Technology

Inside Nvidia’s DLSS 4: Breakthroughs in AI and Graphics Technology with Bryan Catanzaro

2025-01-21

Author: Wai

At CES 2025, Nvidia unveiled its much-anticipated RTX 50-series graphics cards, featuring the revolutionary DLSS 4 technology. We had the opportunity to converse with Bryan Catanzaro, Vice President of Applied Deep Learning Research at Nvidia, who shared exclusive insights into the advanced mechanisms behind DLSS 4, from its innovative transformer model to the newly introduced multi-frame generation (MFG) feature.

Despite it being just over a year since our last discussion — which coincided with the launch of DLSS 3.5 and the acclaimed Cyberpunk 2077: Phantom Liberty — this interview revealed significant advancements that either cater specifically to RTX 50-series users or will be accessible to a broader array of Nvidia graphics cards.

The Shift from CNNs to Transformers: Why Change?

We began by discussing the fundamental transition from convolutional neural networks (CNNs) to transformers. Catanzaro explained, “We’ve been evolving the super-resolution model for about five to six years, and it has become increasingly challenging to pack more intelligence into the same framework. Innovating is crucial, and transformers have demonstrated great scalability, allowing us to train on vast amounts of data. This facilitates smarter model creation and, ultimately, exceptional image quality.

Improving Image Characteristics

When asked about specific improvements in image quality, Catanzaro noted key issues such as stability and ghosting, which plague traditional super-resolution techniques. “Typically, achieving more detail leads to ghosting, while stability issues can cause flickering in distant geometry. The trade-offs we've achieved with our new model greatly enhance this aspect compared to previous iterations, making our graphics significantly more robust.”

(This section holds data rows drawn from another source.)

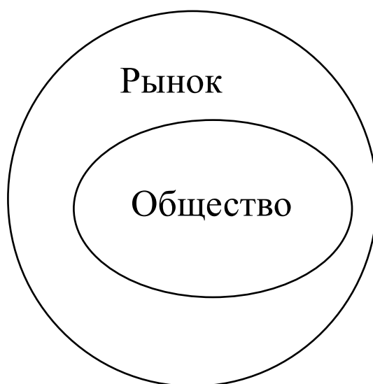
Рис. 2.3. «Примесная» точка зрения: общество в границах рынка

отношений рыночного типа между агентами [Hodgson 1999] 8 . По сравнению с двумя предыдущими подходами в данном случае имеет место принципиально иной взгляд на природу роста рынка. Используемые аргументы относятся не только к вторжению конкретных рынков в другие области общества, но к тому, как на них распространяется процесс формирования суждений рыночного типа и связанные с ним способы мышления и восприятия. По Джеффри Ходжсону и согласно другим авторам, такого рода экспансия возможна, но она ни в одном из случаев не способна полностью «затенить» все элементы общества в пределах рынка, не подвергая опасности саму себя. Даже тогда, когда Ходжсон не даёт точного определения «примесного состояния» и не указывает явным образом, к чему оно относится, мы понимаем, что присутствие «примесей» связано с мотивами акторов и их отношениями друг с другом. Как представляется, это соответствует точке зрения Ходжсона [Hodgson 1999].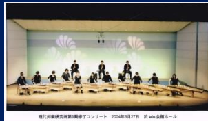
H16 現代邦楽研究所第9期 修了コンサート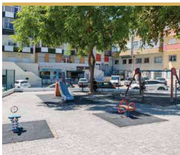
Espaço de Jogo e Recreio da Rua de Bissau, Cruz de Pau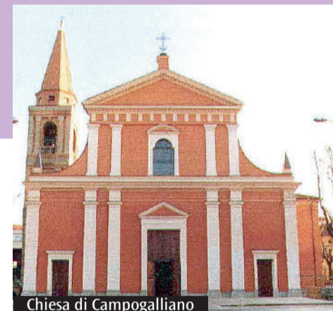
Chiesa di Campogalliano

Da venerdì 20 a lunedì 30 giugno Viaggio in Brasile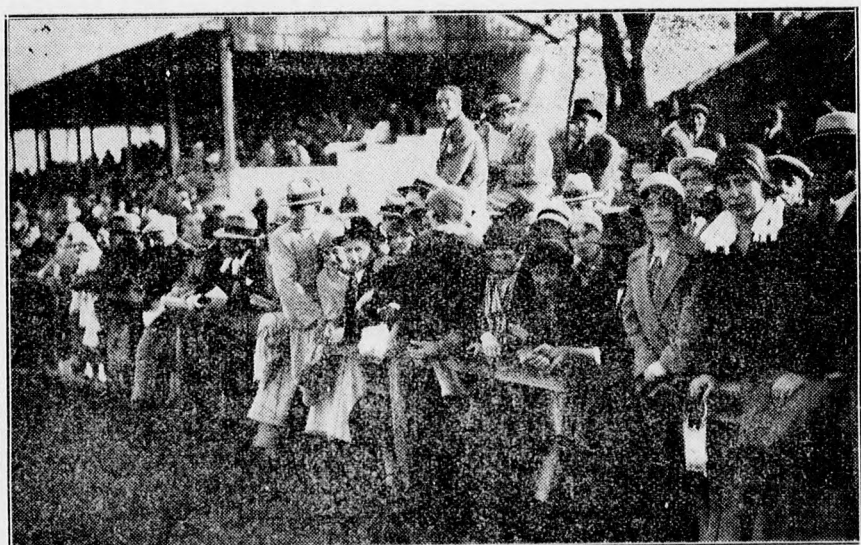
A debreceni löverseny közönségének egy része izgatottan figyel egyik verseny finisét.

Future Potential of Super Resolution

Discussing the trajectory of advancements, Catanzaro asserted, “Larger models trained on high-quality data yield better results. The new transformer model inherently possesses greater capability, allowing for enhanced learning and significantly fewer model failures, such as shimmering and blurring.”

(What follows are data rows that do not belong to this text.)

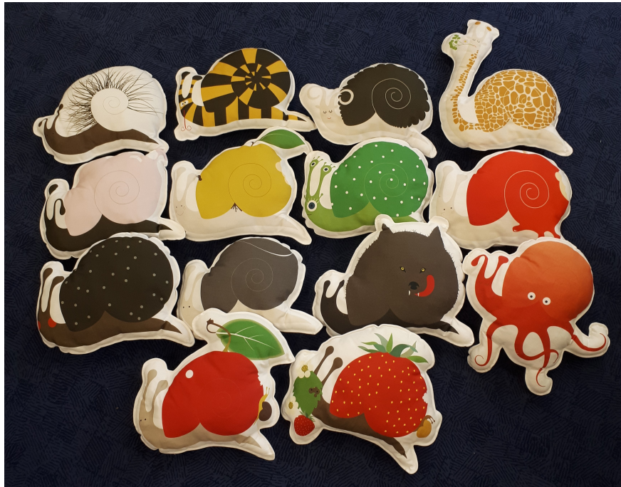
14 coussins en forme d'escargot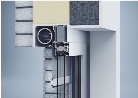
[heroal W 77 PH]

Wärmedämmung bei besonders geringer Bautiefe: Mit heroal Fenstersystemen lassen sich die Anforderungen des GEG 2020 sowie des Passivhaus-Instituts Dr. Feist erfüllen.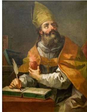
Augustinus 354 - 430 n. Chr.

factus eram ipse mihi magna questio et interrogabam animam meam, quare tristis esset et quare conturbaret me valde, et nihil noverat respondere mihi. Et si dicebam: „spera in deum“, iuste non obtemperabat, quia verior erat et melior homo, quem carissimum amiserat, quam phantasma, in quod sperare iubebatur.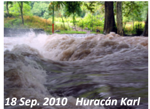
18 Sep. 2010 Huracán Karl

Frame Generation and Latency Reduction

Another fascinating aspect of DLSS 4 is the new frame generation algorithm, which abandons hardware optical flow. “Employing a fully AI-driven solution gives us better results and enhances image quality, particularly for the RTX 50 series,” Catanzaro explained. The changes not only improve performance but also make the algorithm lighter on memory usage.

For gamers, the ultimate user experience has been paramount. With the new frame pacing adaptations, Catanzaro noted an impressive reduction in displayed frame time variability. “We've significantly improved how frames are presented, making gameplay smoother — especially critical when using multi-frame generation.

Reflex 2 Enhancements

Turning our attention to Nvidia's Reflex technology, which now features generative AI capabilities, Catanzaro elaborated, “Reflex 2 dramatically enhances latency by adapting in real-time to camera movements, leading to a more fluid experience and reduced input lag.”

Looking Ahead: The Future of Graphics

Peering into the exciting future of graphics, he suggested that as technology advances towards 1000Hz monitors, AI and neural rendering will play pivotal roles. “We’re just at the starting line of a major evolution in graphics. Traditional bottom-up rendering falls short for complex scenarios; the shift towards neural rendering will empower us to learn from real-world data, making graphics more lifelike and immersive.”

This year marks a turning point for Nvidia and the gaming community. As companies like Nvidia push the boundaries of AI and graphics technology, gamers can expect a future filled with realistic rendering, faster frame generation, and smoother gameplay experiences. With DLSS 4 leading the charge, the world of gaming graphics is set for an exhilarating transformation!